**EXERCISE REQUIREMENTS**. Reproduce the records. Keep every word exact and include no images.

**DATA SUPPLIED**.
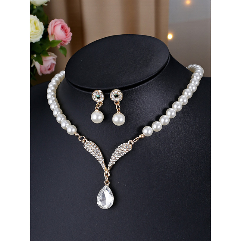 Women's Pearl Rhinestone Jewelry Set for Party - Elegant Crystal Te...
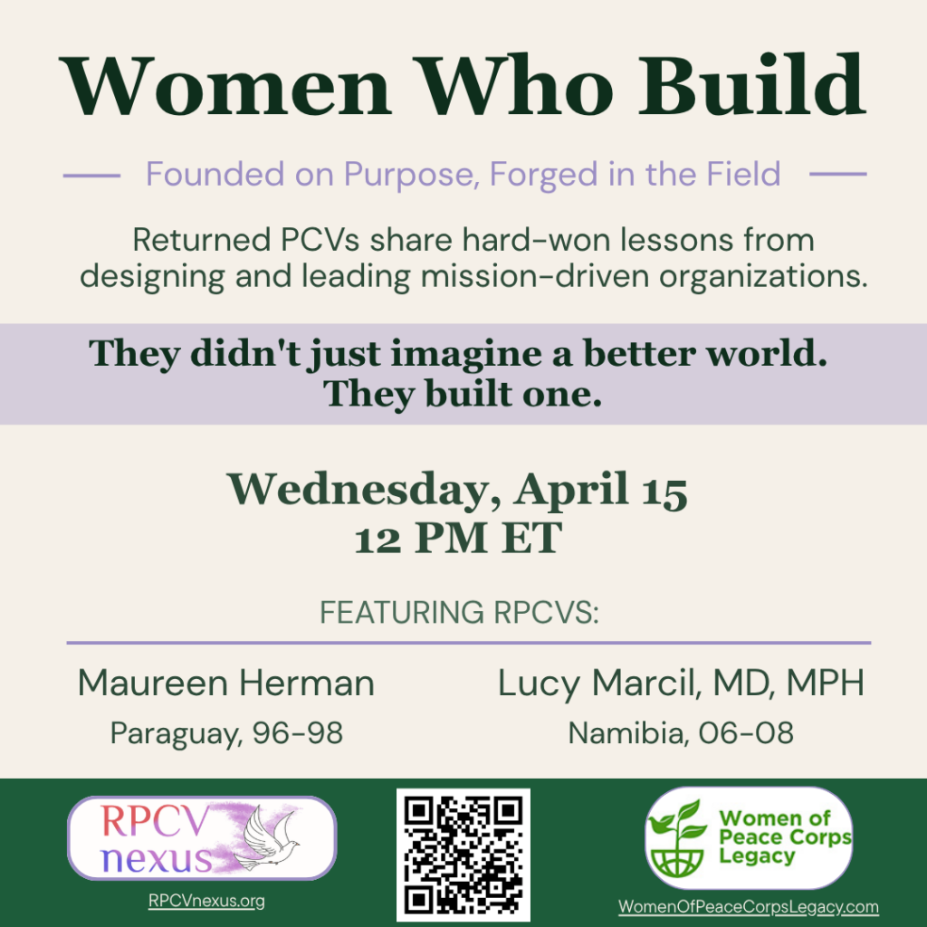 Starting something from nothing — especially across cultures and in underserved communities — takes more than a good idea. It takes grit, deep local knowledge, and a willingness to learn as you go. Join as Maureen Herman (RPCV Paraguay) and Lucy Marcil (RPCV Namibia) share hard-won lessons from founding and leading mission-driven organizations that create real, lasting change and what kept them going.
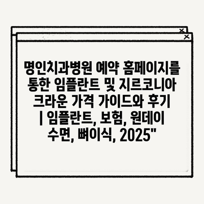 명인치과병원 예약 홈페이지를 통한 임플란트 및 지르코니아 크라운 가격 가이드와 후기 | 임플란트, 보험, 원데이 수면, 뼈이식, 2025″
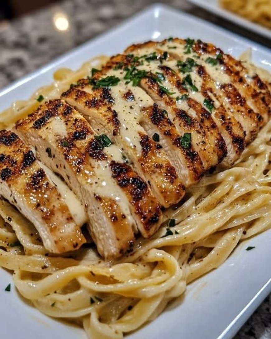 Es gibt Gerichte, die schon beim ersten Gedanken daran pures Wohlgefühl auslösen – warm, cremig, aromatisch und perfekt geeignet für einen entspannten Abend oder ein besonderes Essen ohne großen Aufwand. Knoblauchbutter-Hähnchen mit cremiger Ricotta-Alfredo-Linguine gehört genau in diese Kategorie. Die Kombination aus saftig gebratenem Hähnchen, intensivem Knoblaucharoma und einer samtigen, milden Käsesauce macht dieses Gericht zu einem echten Seelentröster.
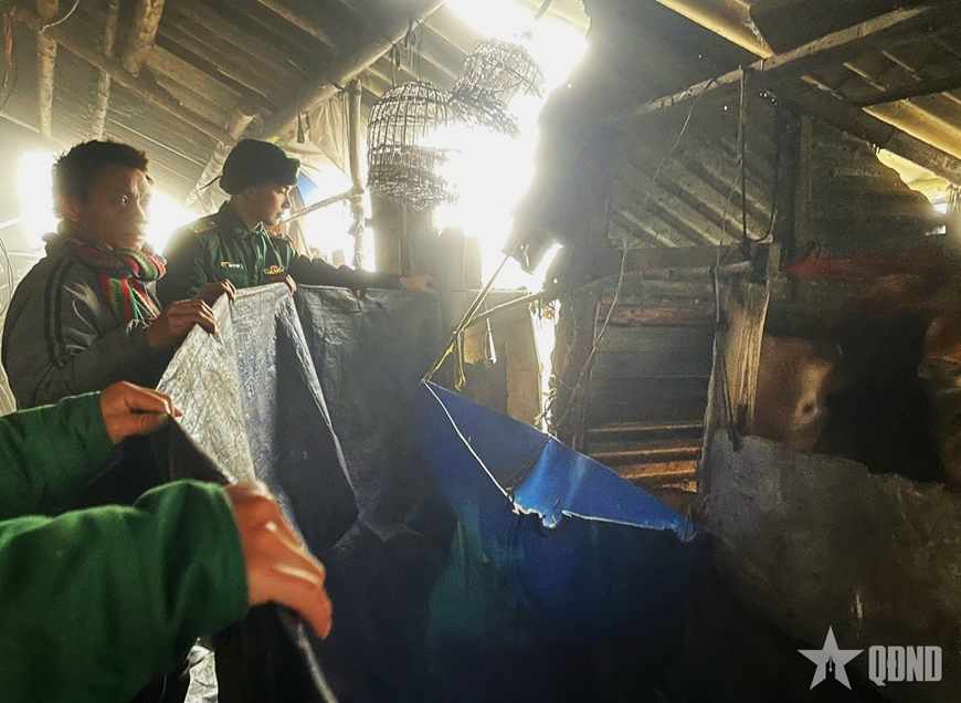 Cùng với tuyên truyền, cán bộ, chiến sĩ trực tiếp hỗ trợ bà con gia cố chuồng, chằng chống mái, kéo bạt che gió. Chỗ nền ẩm được hướng dẫn lót rơm khô; hộ thiếu thức ăn được nhắc tăng cường dự trữ rơm cỏ, băm thân ngô khô.
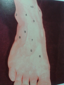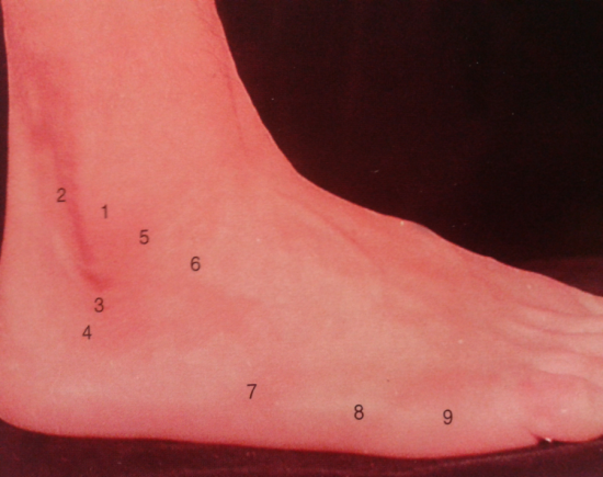 腓肠神经:腓肠内侧皮神经接受腓神经交通支,沿外踝后缘,延续为足背外侧皮神经,分布足跟外侧
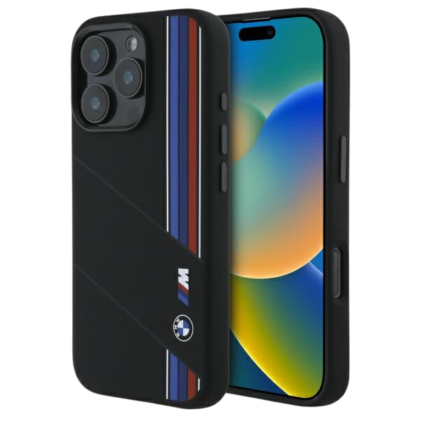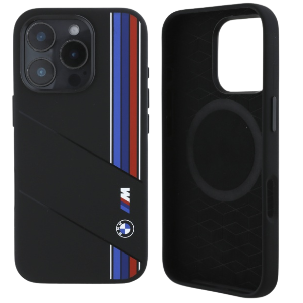 Etui BMW BMHMP16X23SCUK Apple iPhone 16 Pro Max hardcase Silicone Cut Tricolor Lines MagSafe czarny/black
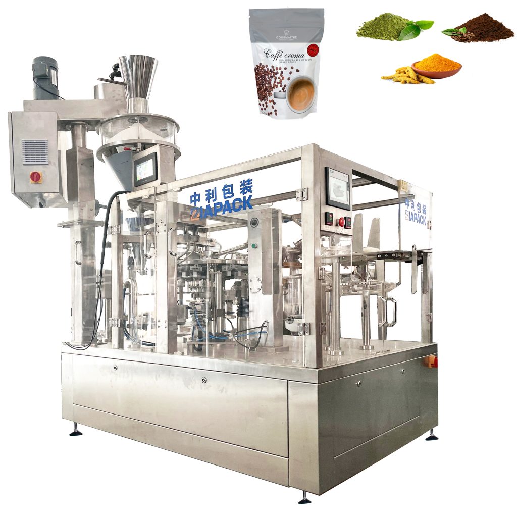 Mesin pembungkusan beg berputar dengan dos yang berbeza (seperti multihead weigher, filler auger, pengisi cecair dan lain-lain), boleh sesuai untuk pembungkusan automatik untuk granular, serbuk, cair, paste dan lain-lain. Jenis rpoduct yang berbeza dengan kantung berdiri premade, kantong rata dan sebagainya.
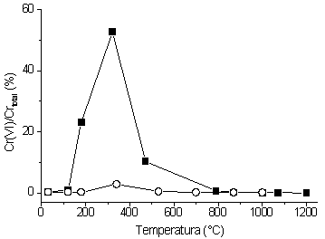 Evolução da quantidade relativa de Cr(VI) com a
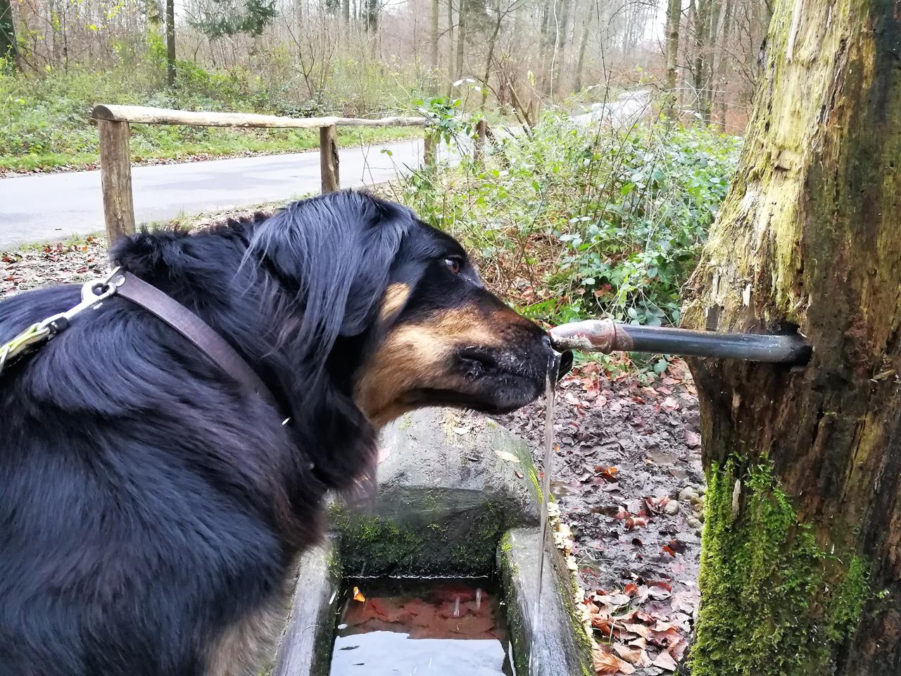 Doxi hat einen Brunnen im Wald entdeckt und schleckt fleißig
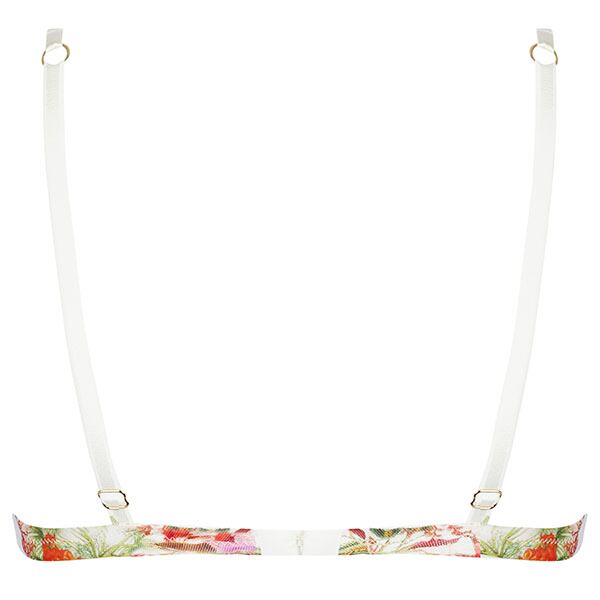 私たちが誘われるのは、魅惑的な香りの蘭が咲き誇る、豊かな自然が息づく南の海。パールの軽やかなベースに喜びに満ちた色彩の豊かさを合わせて、他に類を見ないエレガンスを表現。夏の光に包まれたトロピカルな風景のプリントチュールに、6色からなる繊細なイタリア刺しゅうの組み合わせ。きらめく糸で刺しゅうされた葉や蘭がさりげない輝きを添え、葉の曲線がリズミカルな流れを描き、プリントの透明感が優しい官能性を呼び起こします。官能的で繊細なスタイルで、夏の花の詩情を余すところなく表現しています。
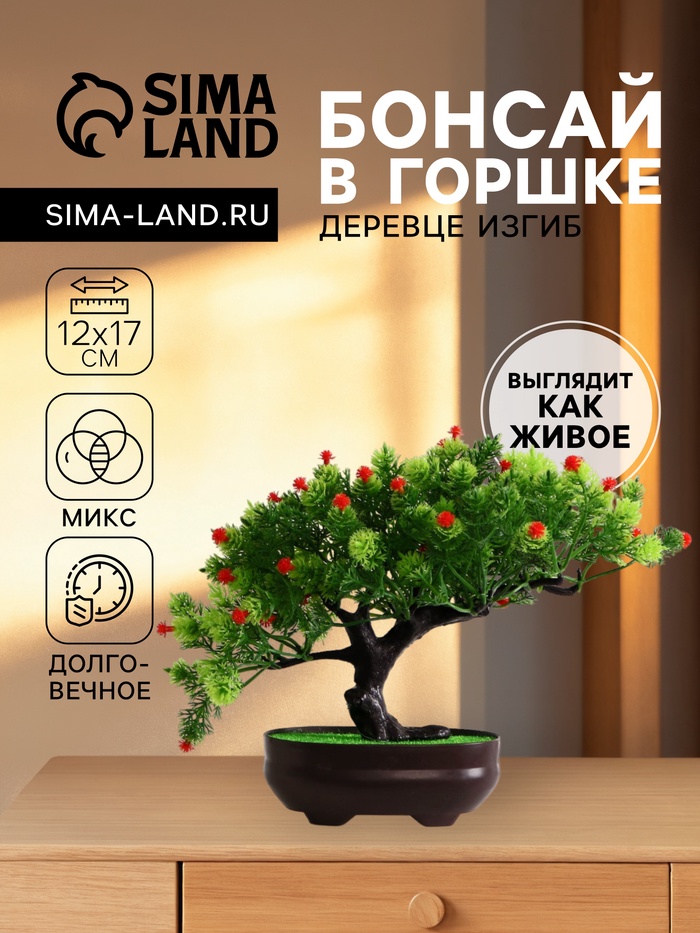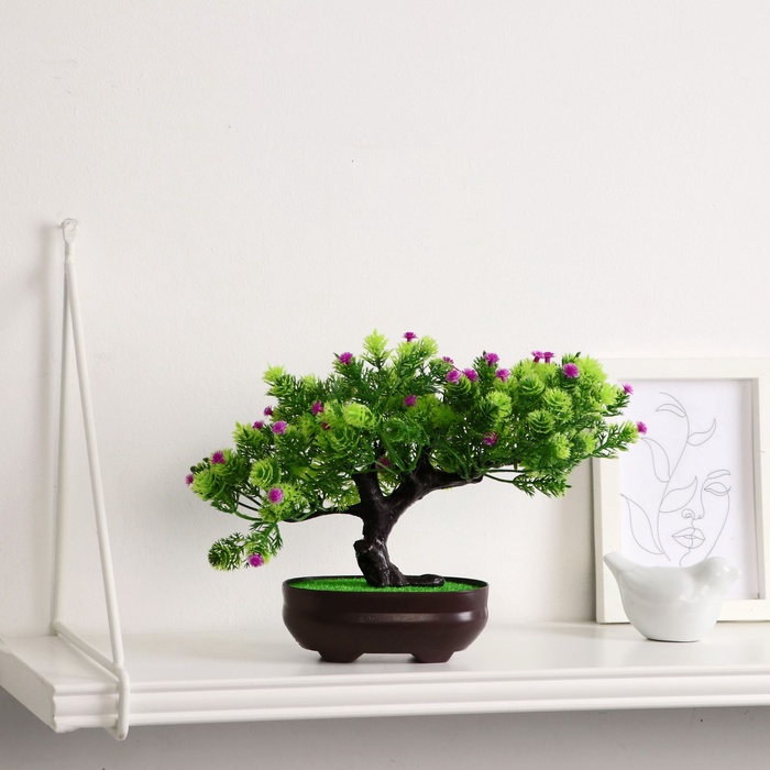 Мини-бонсай в горшке — это искусственное деревце, которое станет стильным и практичным украшением любого пространства. Его компактные размеры и натуральный дизайн создают ощущение живого растения, при этом не требуют ухода и постоянного внимания.

**WRITTEN REPLY**.
 Women's Pearl Rhinestone Jewelry Set for Party - Elegant Crystal Te...
 Starting something from nothing — especially across cultures and in underserved communities — takes more than a good idea. It takes grit, deep local knowledge, and a willingness to learn as you go. Join as Maureen Herman (RPCV Paraguay) and Lucy Marcil (RPCV Namibia) share hard-won lessons from founding and leading mission-driven organizations that create real, lasting change and what kept them going.
 명인치과병원 예약 홈페이지를 통한 임플란트 및 지르코니아 크라운 가격 가이드와 후기 | 임플란트, 보험, 원데이 수면, 뼈이식, 2025″
 Es gibt Gerichte, die schon beim ersten Gedanken daran pures Wohlgefühl auslösen – warm, cremig, aromatisch und perfekt geeignet für einen entspannten Abend oder ein besonderes Essen ohne großen Aufwand. Knoblauchbutter-Hähnchen mit cremiger Ricotta-Alfredo-Linguine gehört genau in diese Kategorie. Die Kombination aus saftig gebratenem Hähnchen, intensivem Knoblaucharoma und einer samtigen, milden Käsesauce macht dieses Gericht zu einem echten Seelentröster.
 Cùng với tuyên truyền, cán bộ, chiến sĩ trực tiếp hỗ trợ bà con gia cố chuồng, chằng chống mái, kéo bạt che gió. Chỗ nền ẩm được hướng dẫn lót rơm khô; hộ thiếu thức ăn được nhắc tăng cường dự trữ rơm cỏ, băm thân ngô khô.
 腓肠神经:腓肠内侧皮神经接受腓神经交通支,沿外踝后缘,延续为足背外侧皮神经,分布足跟外侧
 Etui BMW BMHMP16X23SCUK Apple iPhone 16 Pro Max hardcase Silicone Cut Tricolor Lines MagSafe czarny/black
 Mesin pembungkusan beg berputar dengan dos yang berbeza (seperti multihead weigher, filler auger, pengisi cecair dan lain-lain), boleh sesuai untuk pembungkusan automatik untuk granular, serbuk, cair, paste dan lain-lain. Jenis rpoduct yang berbeza dengan kantung berdiri premade, kantong rata dan sebagainya.
 Evolução da quantidade relativa de Cr(VI) com a
 Doxi hat einen Brunnen im Wald entdeckt und schleckt fleißig
 私たちが誘われるのは、魅惑的な香りの蘭が咲き誇る、豊かな自然が息づく南の海。パールの軽やかなベースに喜びに満ちた色彩の豊かさを合わせて、他に類を見ないエレガンスを表現。夏の光に包まれたトロピカルな風景のプリントチュールに、6色からなる繊細なイタリア刺しゅうの組み合わせ。きらめく糸で刺しゅうされた葉や蘭がさりげない輝きを添え、葉の曲線がリズミカルな流れを描き、プリントの透明感が優しい官能性を呼び起こします。官能的で繊細なスタイルで、夏の花の詩情を余すところなく表現しています。
 Мини-бонсай в горшке — это искусственное деревце, которое станет стильным и практичным украшением любого пространства. Его компактные размеры и натуральный дизайн создают ощущение живого растения, при этом не требуют ухода и постоянного внимания.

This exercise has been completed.